SLA-Centric Automated Algorithm Selection Framework for Cloud Environments
This addresses SLA management for cloud service providers and consumers, but appears incremental as it applies existing ML techniques to a specific domain problem.
The authors tackled the problem of SLA violations in cloud computing by proposing an automated algorithm-selection framework that uses machine learning to rank algorithm-hardware pairs based on SLA constraints, applying it to the 0-1 knapsack problem with a curated dataset of 6 algorithms.
Cloud computing offers on-demand resource access, regulated by Service-Level Agreements (SLAs) between consumers and Cloud Service Providers (CSPs).
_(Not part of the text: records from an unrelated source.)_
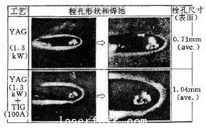 焊接坡口縫隙余量的同軸TIG-YAG激光焊接的結(jié)果。僅用YAG時(shí)焊接坡口縫隙為0.4mm時(shí),會(huì)產(chǎn)生咬邊。而同軸TIG-YAG激光焊接時(shí)焊接坡口縫隙可達(dá)0.8mm。圖18示出根據(jù)焊接焊道的斷面研究氣孔發(fā)生狀況的結(jié)果。因?yàn)楸Wo(hù)氣體中使用了Ar,所以僅采用YAG時(shí)不可避免在部分焊道中產(chǎn)生氣孔。而同軸TIG-YAG激光焊接可以控制氣孔的發(fā)生,如圖19所示,這是因?yàn)橥STIG-YAG激光焊接比單用YAG時(shí)栓孔上部的孔徑大,金屬蒸汽容易排出。
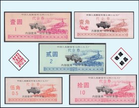 中国人民解放军七四三七工厂《内部代金券--贰元》全套五枚:稀缺品种(07-08)
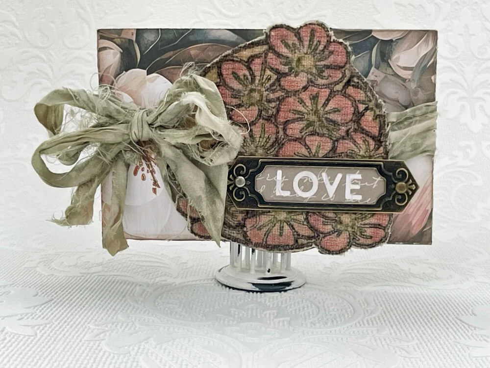 Glue grey script cardstock 3.75” x 5.25” rectangle to the unfinished back of the gift card holder to hide the flaps. Trim if necessary and ink edges if desired. Glue the remaining flower cluster to the back of the gift card holder for decoration.
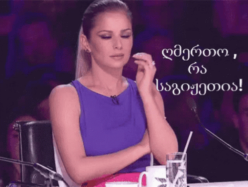 A woman reacts with a facepalm, expressing frustration with the Georgian caption 'God, what a madhouse!'
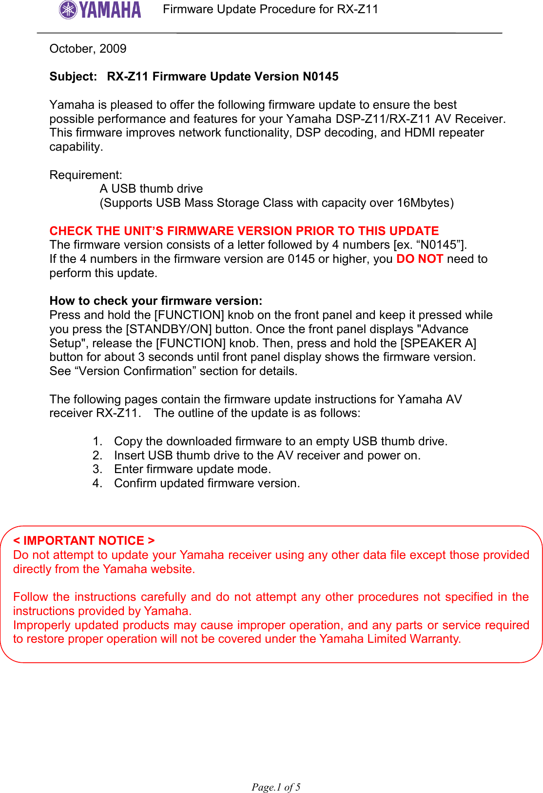 Yamaha Rx Z11 Firmware Update N0145 Usa Model Page 1
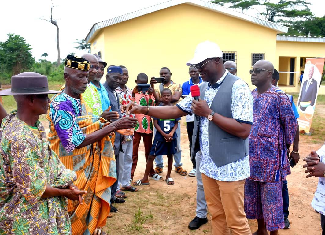 ๐๐ฒ ๐ฃ๐ฟ๐ฒฬ๐๐ถ๐ฑ๐ฒ๐ป๐ ๐ง๐ฟ๐ฎ๐ผ๐ฟ๐ฒฬ ๐๐ฑ๐ฎ๐บ ๐๐ผ๐น๐ถ๐ฎ, remet officiellement au population de Komenan-Yaokro et Andoh-Kouamรฉkro(dรฉpartement de Daoukro),les clรฉs d’un logement social pour enseignant et une pompe hydraulique ร motricitรฉ humaine.
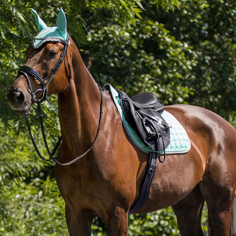 Zadeldek afgewerkt met dubbele koordpiping en contrast gekleurde bies rondom. Het zadeldekje heeft een anatomisch gevormde rugnaad en is voorzien van een vochtregulerende voering.
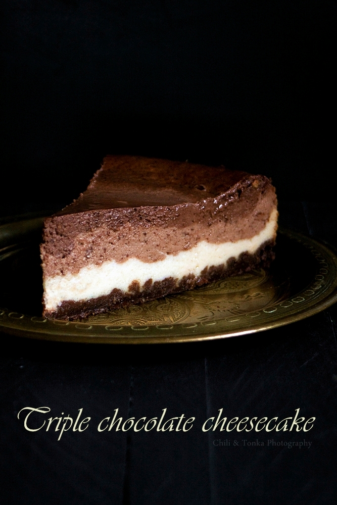 Sernik potrójnie czekoladowy – czy muszę pisać więcej? Gorzka, ciemna czekolada świetnie kontrastuje z łagodnym smakiem białej i mlecznej części masy. W mojej, lekko odchudzonej wersji ten serniczek jest mało słodki i niezbyt syty – w sam raz dla dorosłych smakoszy, szczególnie tych dbających o linię. Polecam! Jeśli nie do końca jesteście pewni, spójrzcie jeszcze raz:
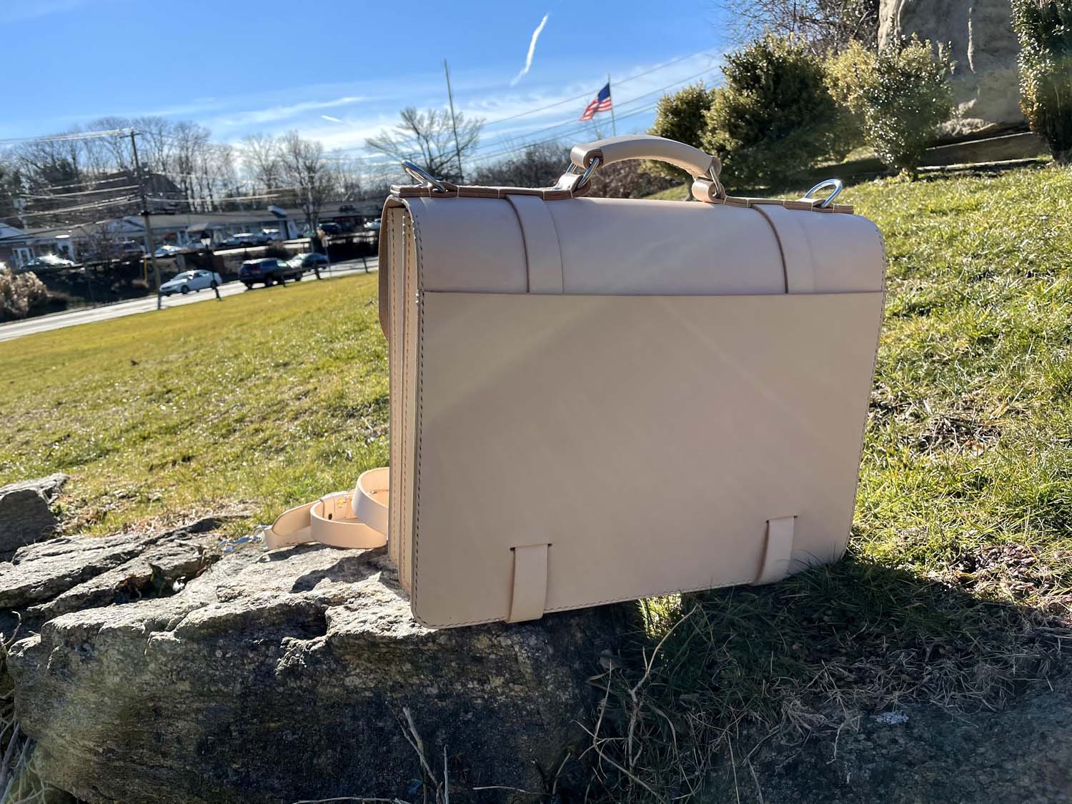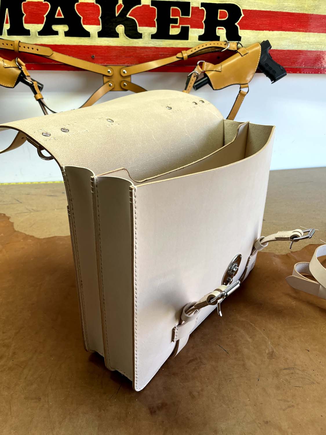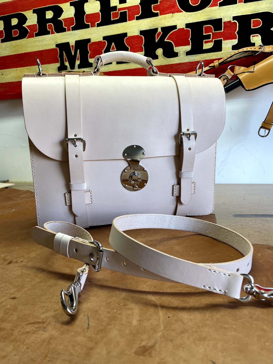 This is all-natural vegetable tanned leather made in my classic Wallace briefcase style that has front removable straps and a center lock, inside pockets, a back news paper pocket and a natural lining.
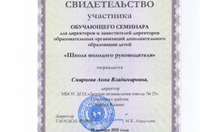 30 января 2015 года в ГБУ ДО "Республиканский центр внешкольной работы" состоялся обучающий семинар "Школа молодого руководителя" для директоров и заместителей директоров образовательных организаций дополнительного образования детей. Участниками семинара от нашей школы стали директор – Смирнова Анна Владимировна и зам.директора по УВР – Акчурина Роза Салихьяновна. На семинаре были рассмотрены вопросы обновления концептуальной и нормативно-правовой базы дополнительного образования детей, подведены итоги первой половины 2014-2015 учебного года.
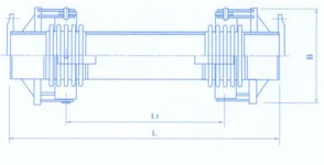 该膨胀节由两个十字销轴,用长的中间拉板组合而成,它能吸收任意平面内的横向位移,它们的铰链与十字销轴具有承受内压推力能力
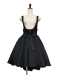 すっきりとした身頃から広がるスカートラインが美しいジャンパースカート。背面のベルトとリボンが程よいアクセントとなり、後ろ姿まで印象的に演出します。

SLA violations can impact efficiency and CSP profitability. In this work, we propose an SLA-aware automated algorithm-selection framework for combinatorial optimization problems in resource-constrained cloud environments. The framework uses an ensemble of machine learning models to predict performance and rank algorithm-hardware pairs based on SLA constraints. We also apply our framework to the 0-1 knapsack problem. We curate a dataset comprising instance specific features along with memory usage, runtime, and optimality gap for 6 algorithms. As an empirical benchmark, we evaluate the framework on both classification and regression tasks. Our ablation study explores the impact of hyperparameters, learning approaches, and large language models effectiveness in regression, and SHAP-based interpretability.